Good call on the rock wall area, I'm gonna have to see if I can put some time in to work in there.


----------



## rueler (Oct 6, 2009)

Bri, this armoring effort can be done over the course of a few rides...it doesn't have to be a straight up TM gig. All that it would take is 5-10 minutes over the course of a couple rides with a few guys. Ask Mlegg, armoring goes pretty quickly. 

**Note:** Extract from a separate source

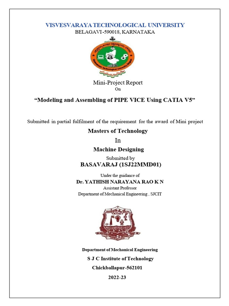This is to certify the mini project entitled “Modeling and Assembling of PIPE

The first step is getting nice flat rocks for the rolling section and bigger ones for outside anchors...As I said, they're ALL right there. What would be helpful is if some of the nice, flat ones are pulled from the rock wall and put on the side of the trail...it makes it easy when it comes time to lay them out...all of the Hobo armoring was done during rides...10-15 minute breaks over the course of 4 rides...and one dedicated 45 minutes during a rain storm. It's good enough now, where we've been only riding Hobo backwards lately because we HATE that jeep climb out of there...not a trail in my book...washed out fire road that belongs at WH rez. 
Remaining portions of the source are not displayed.